▶ _Task directions_
Using the listing below, print exactly everything from the line with "85B, 85C, 85D |" down to the line with "50pcs PVC Mental", both included, and nothing more.

▶ _Data excerpts_
+++

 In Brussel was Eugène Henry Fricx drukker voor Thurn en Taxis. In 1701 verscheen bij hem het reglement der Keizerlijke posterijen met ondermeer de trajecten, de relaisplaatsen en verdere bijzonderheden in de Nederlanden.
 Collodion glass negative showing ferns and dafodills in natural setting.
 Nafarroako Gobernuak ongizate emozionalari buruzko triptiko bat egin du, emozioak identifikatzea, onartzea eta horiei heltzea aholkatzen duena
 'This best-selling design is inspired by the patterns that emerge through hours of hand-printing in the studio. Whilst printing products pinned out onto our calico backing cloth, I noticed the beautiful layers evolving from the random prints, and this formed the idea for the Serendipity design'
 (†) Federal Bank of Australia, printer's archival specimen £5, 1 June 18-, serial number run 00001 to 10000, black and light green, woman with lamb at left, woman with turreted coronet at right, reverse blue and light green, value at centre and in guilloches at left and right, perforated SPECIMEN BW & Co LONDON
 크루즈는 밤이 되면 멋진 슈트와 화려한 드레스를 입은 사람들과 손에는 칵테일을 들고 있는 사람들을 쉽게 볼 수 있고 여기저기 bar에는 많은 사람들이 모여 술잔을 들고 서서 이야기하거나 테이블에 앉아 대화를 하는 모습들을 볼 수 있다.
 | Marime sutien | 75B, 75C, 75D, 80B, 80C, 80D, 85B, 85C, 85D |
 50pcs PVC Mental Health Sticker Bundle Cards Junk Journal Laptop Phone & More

+++

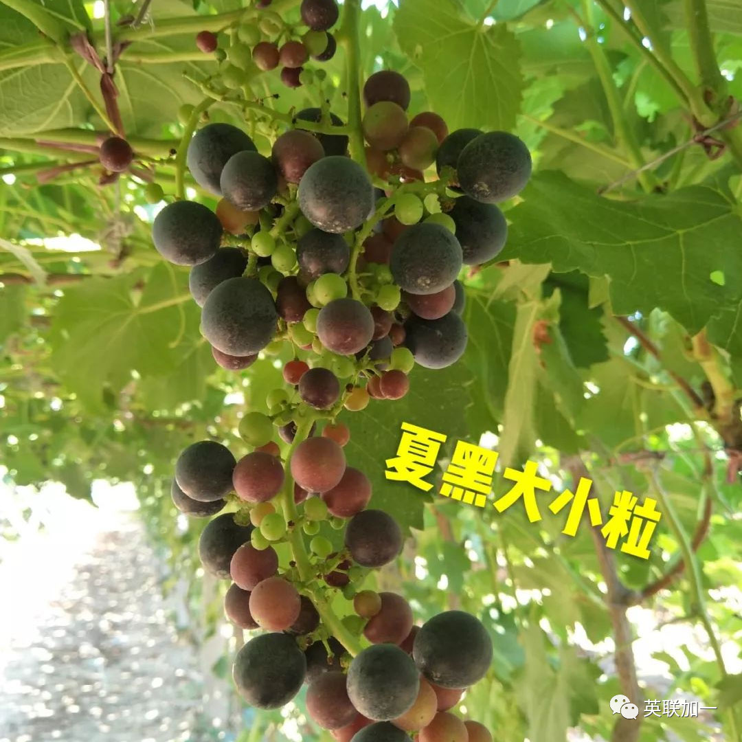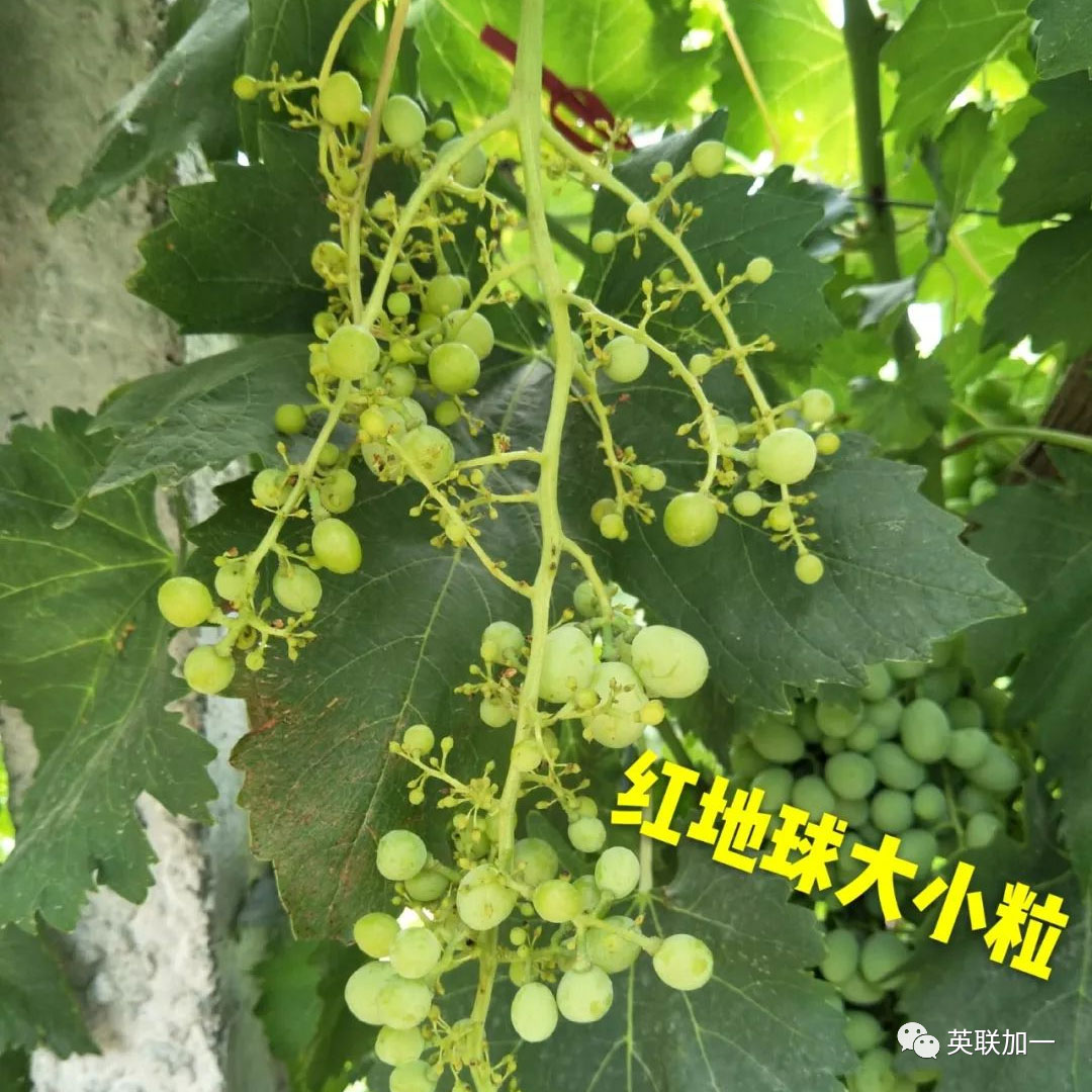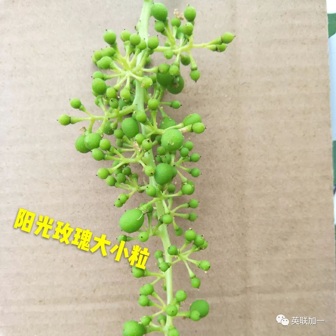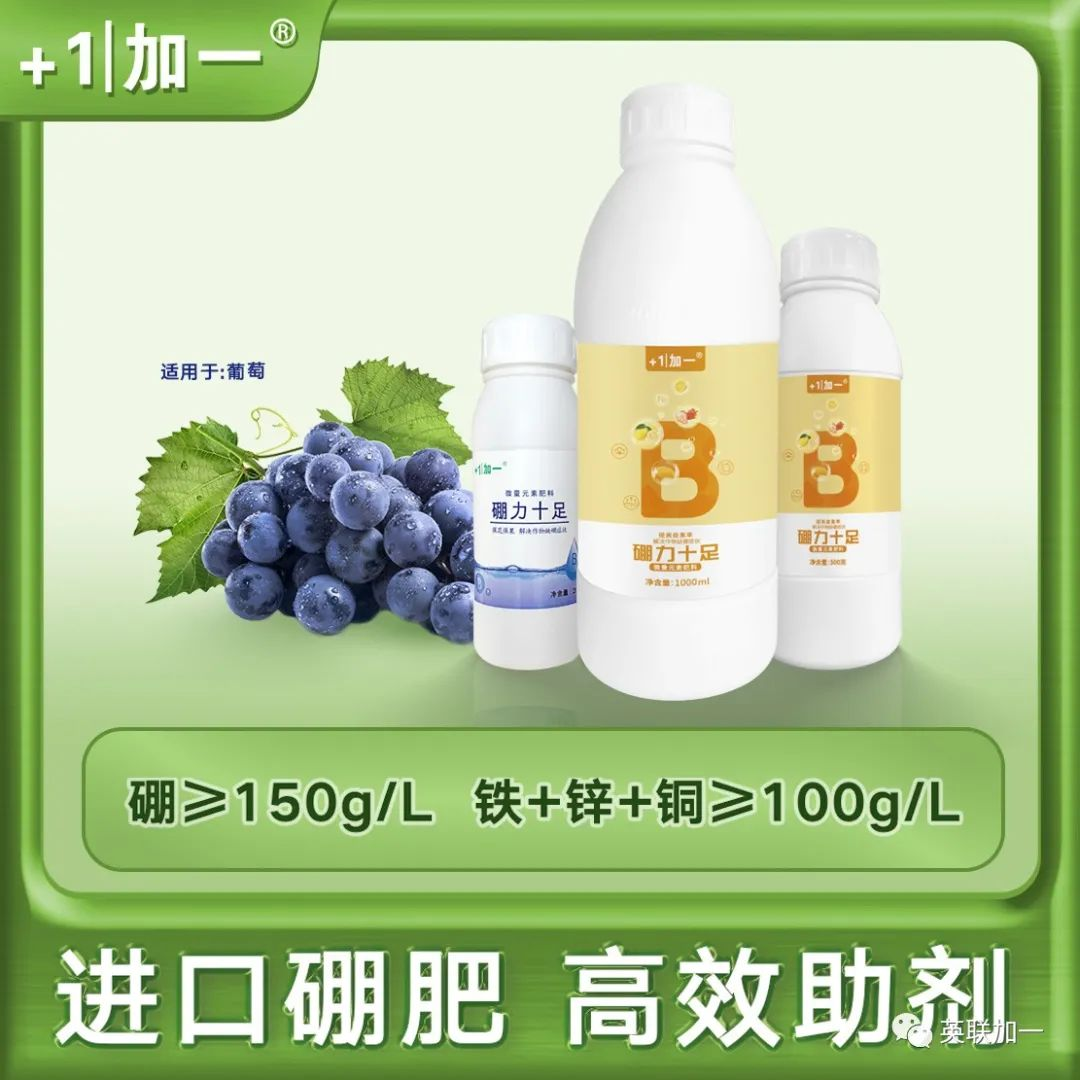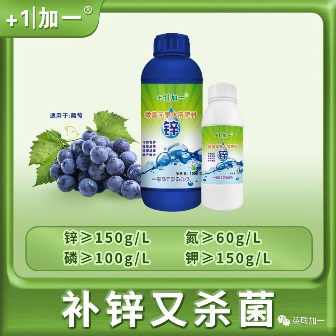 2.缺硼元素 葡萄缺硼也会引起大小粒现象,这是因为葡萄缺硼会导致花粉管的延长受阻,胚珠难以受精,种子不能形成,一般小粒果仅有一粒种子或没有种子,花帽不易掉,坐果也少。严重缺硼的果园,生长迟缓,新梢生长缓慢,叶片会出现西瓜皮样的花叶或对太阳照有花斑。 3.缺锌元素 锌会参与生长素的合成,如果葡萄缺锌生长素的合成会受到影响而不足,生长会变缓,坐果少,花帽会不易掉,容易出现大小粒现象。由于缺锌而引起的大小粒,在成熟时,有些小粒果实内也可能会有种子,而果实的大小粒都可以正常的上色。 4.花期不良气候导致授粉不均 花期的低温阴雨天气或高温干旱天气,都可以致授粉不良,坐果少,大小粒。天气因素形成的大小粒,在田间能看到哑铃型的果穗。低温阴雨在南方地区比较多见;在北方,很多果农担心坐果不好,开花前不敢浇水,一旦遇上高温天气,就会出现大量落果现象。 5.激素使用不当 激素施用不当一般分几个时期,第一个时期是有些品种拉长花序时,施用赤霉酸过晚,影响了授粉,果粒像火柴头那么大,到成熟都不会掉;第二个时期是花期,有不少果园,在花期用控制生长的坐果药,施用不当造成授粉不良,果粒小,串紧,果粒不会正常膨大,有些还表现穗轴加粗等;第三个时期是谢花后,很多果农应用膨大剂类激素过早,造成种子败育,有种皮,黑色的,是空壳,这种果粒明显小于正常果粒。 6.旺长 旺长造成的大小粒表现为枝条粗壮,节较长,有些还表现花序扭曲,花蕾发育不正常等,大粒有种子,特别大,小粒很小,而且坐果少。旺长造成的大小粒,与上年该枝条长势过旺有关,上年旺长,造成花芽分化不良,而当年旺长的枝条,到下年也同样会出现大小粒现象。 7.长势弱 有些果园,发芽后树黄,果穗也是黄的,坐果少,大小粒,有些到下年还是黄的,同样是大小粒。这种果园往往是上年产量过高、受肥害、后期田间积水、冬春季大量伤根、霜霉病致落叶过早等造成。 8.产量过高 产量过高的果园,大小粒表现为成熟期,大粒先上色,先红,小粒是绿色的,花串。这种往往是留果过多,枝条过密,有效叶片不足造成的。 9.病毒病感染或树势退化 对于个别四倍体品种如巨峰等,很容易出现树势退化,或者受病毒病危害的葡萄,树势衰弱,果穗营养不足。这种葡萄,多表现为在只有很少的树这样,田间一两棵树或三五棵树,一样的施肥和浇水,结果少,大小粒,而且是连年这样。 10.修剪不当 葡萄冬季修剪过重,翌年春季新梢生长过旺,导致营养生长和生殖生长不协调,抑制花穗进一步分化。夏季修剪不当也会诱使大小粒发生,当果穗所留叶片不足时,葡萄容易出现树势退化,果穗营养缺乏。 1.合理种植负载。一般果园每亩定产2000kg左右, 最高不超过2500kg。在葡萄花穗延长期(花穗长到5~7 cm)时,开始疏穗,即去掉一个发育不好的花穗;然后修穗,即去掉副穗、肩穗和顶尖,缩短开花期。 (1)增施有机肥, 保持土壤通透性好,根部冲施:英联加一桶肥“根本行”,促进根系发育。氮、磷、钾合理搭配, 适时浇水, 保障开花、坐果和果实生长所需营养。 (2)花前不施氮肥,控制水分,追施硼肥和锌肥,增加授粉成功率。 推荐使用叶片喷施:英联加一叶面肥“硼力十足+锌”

+++

▶ _Solution_
 | Marime sutien | 75B, 75C, 75D, 80B, 80C, 80D, 85B, 85C, 85D |
 50pcs PVC Mental Health Sticker Bundle Cards Junk Journal Laptop Phone & More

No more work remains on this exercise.